As shown in fig. 1, the present embodiment provides a near-duplicate image retrieval method based on a depth learning feature of a consistent region: in the off-line stage, SIFT features are extracted from all images in the image library, then each SIFT feature is quantized into a visual word by using a K-Means clustering method, and the visual word is stored in a constructed inverted index file. And in the online stage, the same feature extraction and quantization methods are used for the input query image, the similarity between the quantized SIFT features and the features in the index file is calculated, the obtained similarity results are sequenced, and the image related to the query image, namely the candidate image, is sequentially output. The above process is to use the Bag-of-visual-words (BOW) model to perform image retrieval. In addition, in order to reduce the calculation complexity of detecting the target area in the image and extracting the features, the method uses the existing area detection EdgeBox algorithm to extract the target area from all the images in the image library in an off-line stage, and extracts the CNN features from all the target areas in the candidate images. In order to ensure that the region pairs with visual consistency are detected between the near-repeated images, in an online stage, the characteristics of SIFT features are fully utilized to position the near-repeated regions consistent with the target region in the query image, the near-repeated region pairs are formed, and compact CNN features are extracted from the near-repeated region pairs, so that the accuracy and efficiency of near-repeated image retrieval are improved. The specific steps are as follows:

step 1: and extracting 128-dimensional SIFT features from all the images in the image library.

Step 2: BOW quantization is carried out on the extracted SIFT features: and performing K-means clustering on all the extracted SIFT features, dividing all the extracted SIFT features into E categories, representing each category by using a visual word, and classifying the SIFT features quantized to the same visual word into one category. The set of all visual word labels constitutes a visual dictionary. Thus, each image can be described by several visual words.

And step 3: in order to improve the efficiency of image retrieval, an inverted index is established for all SIFT features. The indexed features not only record the ID of the image to which they belong, but also its orientation, scale and coordinates and other relevant information. This information will further be used to generate potential near-duplicate region pairs. The inverted index is shown in fig. 2.
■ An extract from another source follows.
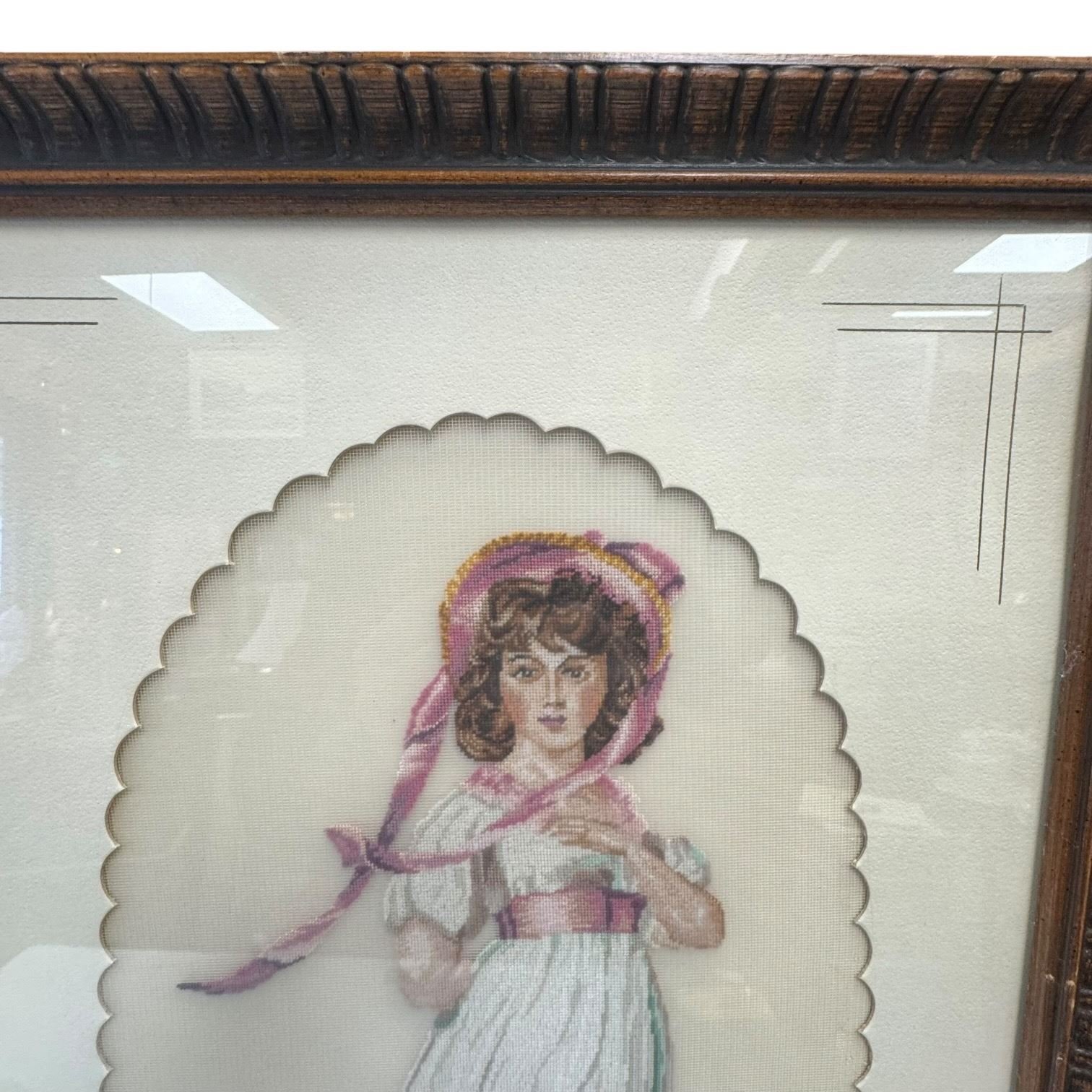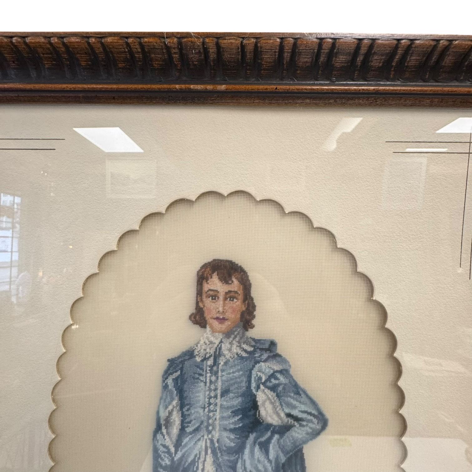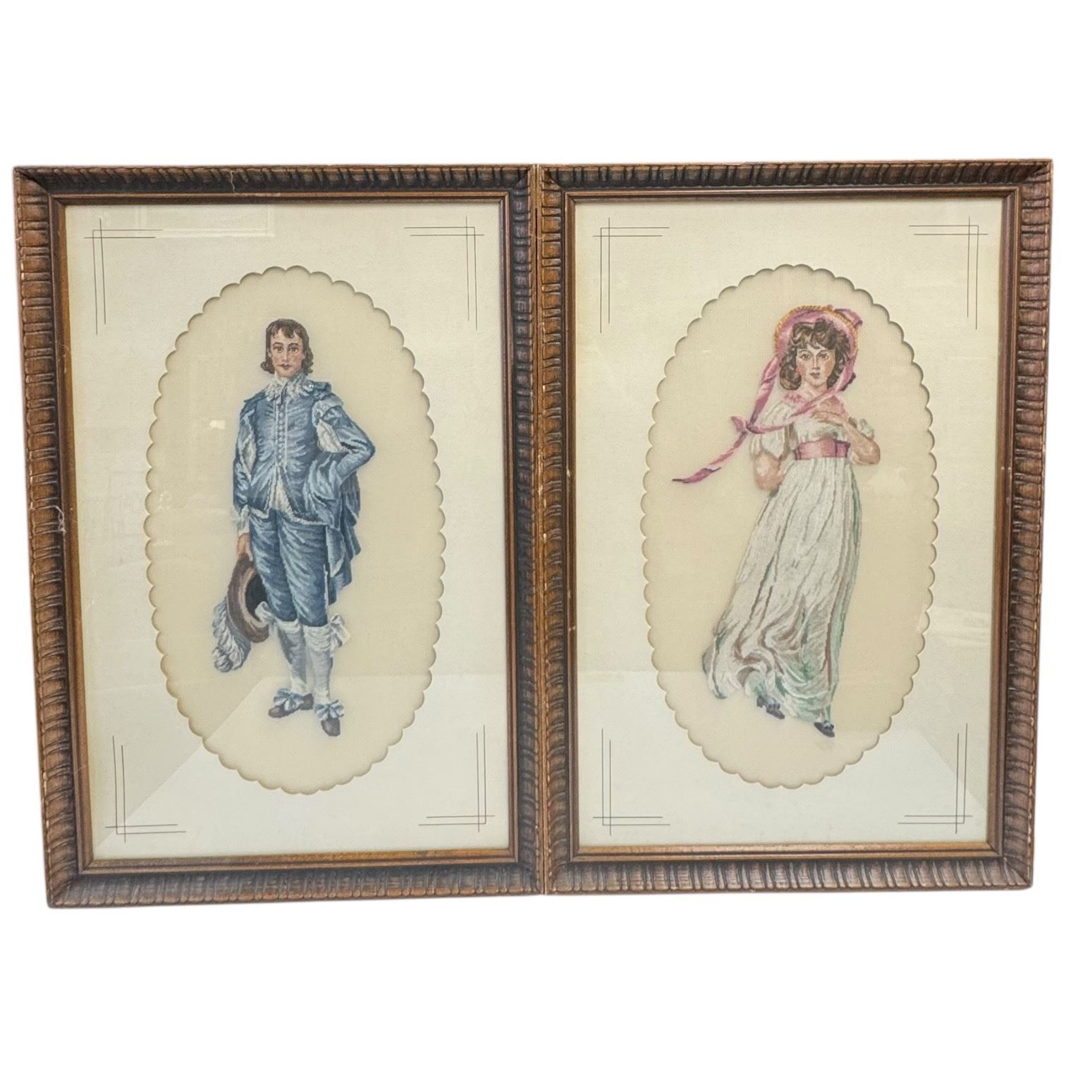 Vintage set of framed needlepoint tapestries depicting famous portraits 'The Blue Boy' by Thomas Gainsborough and 'Pinkie' by Thomas Lawrence. Signed by R Armstrong dated 1974. Frames measure 14.5-Inch in width and 21.5-Inch in height. Item is as pictured.

And 4, step 4: by using an inverted index structure, SIFT features quantized from any two different images to the same visual word are considered to match, and the similarity between the images is measured by counting the number of SIFT features shared between the two images. When images in the image library share 5 pairs or more of SIFT feature pairs with the input query image, the images are considered as candidate images. Therefore, a large number of irrelevant images can be filtered out, and the time complexity of image detection areas and feature extraction is reduced.

And 5: since the EdgeBox algorithm can achieve high recall by computing an information edge map, meaningful target regions are detected from the image that are most likely to be copied and propagated between near-duplicate images. Furthermore, the edge calculation of the algorithm is efficient and the calculated edge map is sparse with low computational complexity. Most importantly, the algorithm can directly detect the target region from the edge information of the image without a learning process based on a deep learning network. Therefore, the algorithm has strong flexibility. The method comprises the following specific steps:

step 5-1: a set of target regions is detected for each candidate image using the EdgeBox algorithm.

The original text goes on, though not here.